People suffering from anxiety and depression may exhibit one or more these symptoms, although they may not experience them every day. It is not uncommon for these conditions to begin taking over a person's life at some point, making it hard for them to function from day to day. For many, the key is to find a way to heal from an emotional trauma that is contributing to the depression and anxiety.
Finding Ways to Heal
There is no easy answer to conquering either one of these illnesses, alone or combined, but there are things you can do to help yourself.
Seek a Strong Support System
Building a strong support system is where it all starts. Talk to others about your fears and your sadness. A few people you can turn to for support:
- Friends.
- Family.
- Your primary care doctor.
- A licensed counselor.
If you are feeling overwhelmed or having an anxiety attack, you can also call the National Suicide Prevention Lifeline for help at (800) 273-8255.
Double Down on Self-Care
Self-care is a powerful tool when fighting depression and anxiety. It is really up to you to find ways to control your moods and feel better. How you treat yourself has a big influence on how you feel. Start by developing healthy and smart daily habits. Focus on
- Good hygiene.
- Getting plenty of sleep.
- Finding a diet that helps to energize you.
Add to that putting yourself in safe and healthy home and social environments, those that are uplifting and calming, as opposed to stressful or depressing. Reassess your relationships to determine whether they are supportive and help you move forward. Avoid people and situations that bring you down or foster negativity.
Look for ways to express your feelings openly, as well. For some people, it can be something as simple as keeping a journal to chronicle your thoughts. Consider a creative outlet that not only allows you to channel your feelings but works to distract your thoughts and relax you at the same time. Hobbies like painting, drawing, photography and even singing are all valid expressions that can help improve how you feel not just about yourself, but about the world in general.
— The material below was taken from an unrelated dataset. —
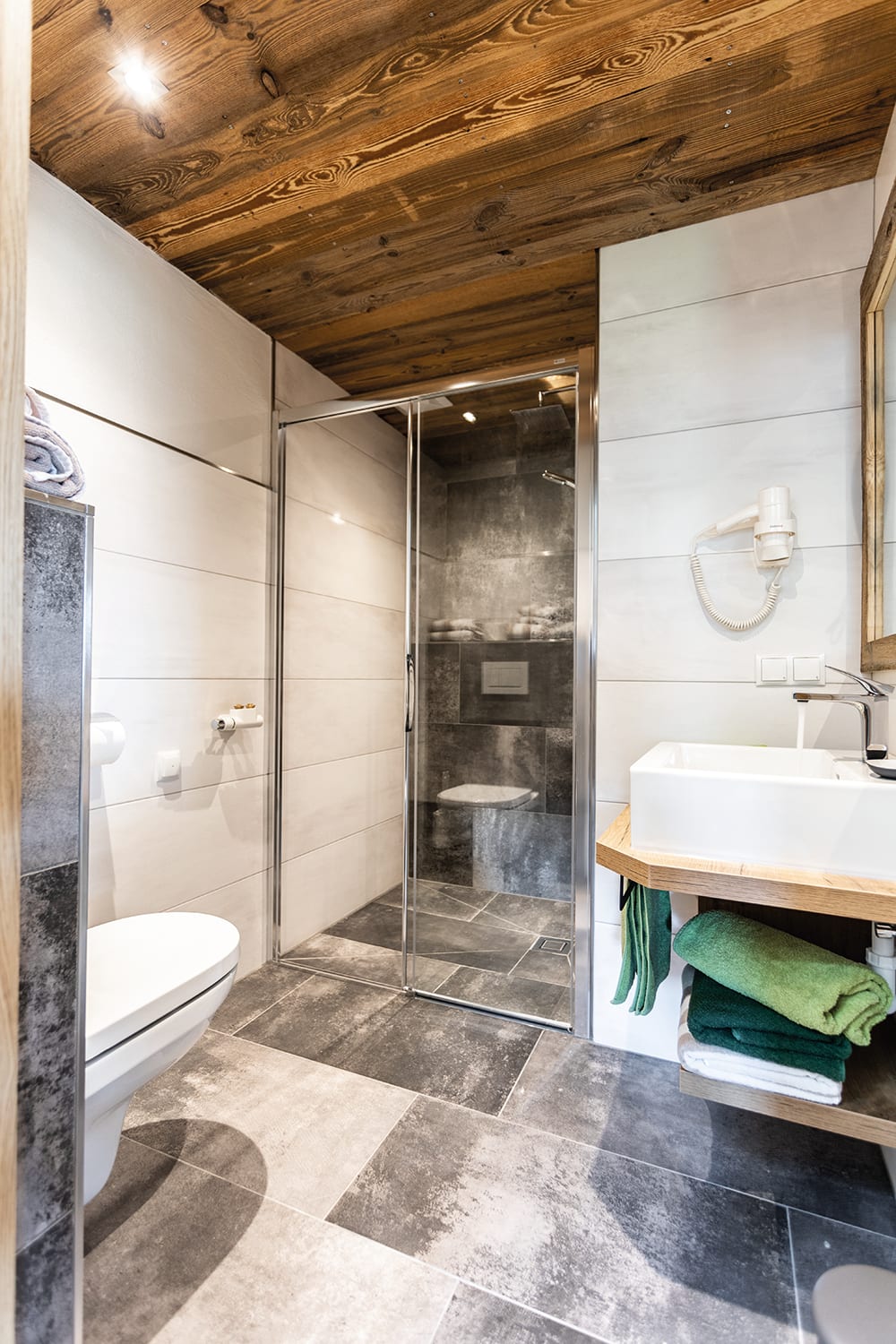 • 2 Badezimmer mit Dusche/WC und Fön

Gather some self-soothing tools to help during bad episodes:
- Mindfulness techniques that engage the senses. Mindful cooking and eating, soothing touch and relaxing smells. Something as easy as floating in a bathtub full of water can calm your nerves and lift your spirits.
- Get moving. Exercise is the body’s natural mood enhancer. Cardiovascular exercise releases endorphins that make you feel good. Go out and take a walk or bike ride when you are feeling down. It's an effective way to offset a bad day.
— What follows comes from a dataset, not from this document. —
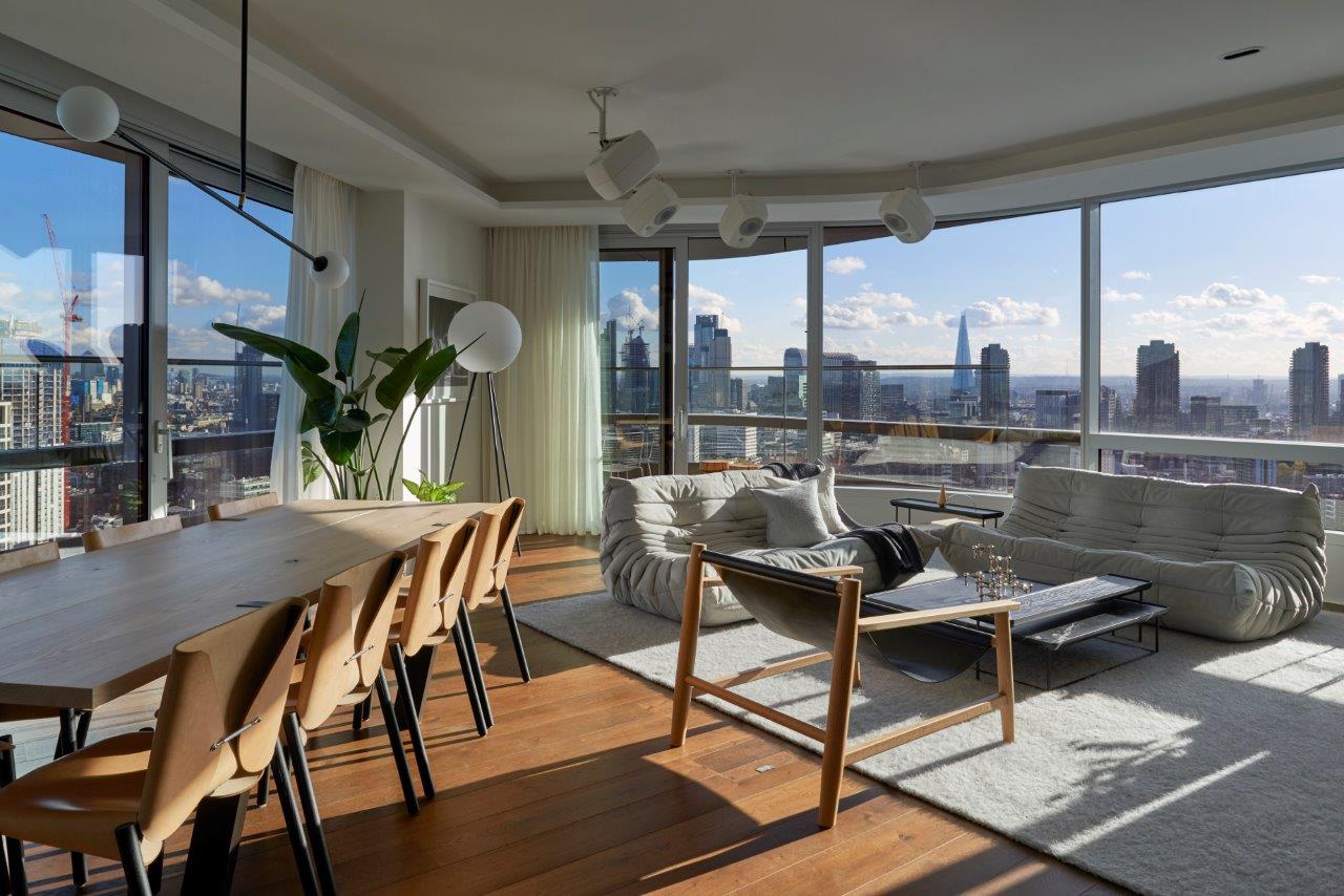 Canaletto (named after the Venetian landscape artist) was designed by Dutch architect Ben van Berkel of UNStudio and features a striking curved steel and glass façade, which makes a unique statement on London’s skyline. Each apartment has its own distinct style and feel and this apartment decided to add some automation and AV touches of their own.

- Master some relaxation techniques. Try deep breathing exercises, take a bubble bath or practice tensing every muscle in your body individually and then slowly letting go of that tension.
- Make a connection. Today's world is full of opportunities to connect. Go online and chat with a friend via social media. Share a picture that inspires you and just talk about life in general. Call a family member to engage your support system, too.
If you prefer a little time away from home, how about volunteering at the nearest animal shelter or food kitchen? You can give back and help others along the way. That feeling of sharing your time is a useful way to keep your mood stable and your mind clear.
Keep in mind, there is no easy answer to healing. One day you will feel good, but the next one brings back all those feelings you thought were gone. Learn to process your feelings as they happen and understand that things are what you make of them. There is no rule that says you have to feel anything but what you do as long as you address how you feel.
Moving forward is the hardest part of managing depression and anxiety. These moods become familiar to you, so you latch onto them instead of facing the uncertainty that healing brings. Break free of that comfort zone and move on to good mental health and happiness by first learning the signs of depression and anxiety and then how to leave them behind.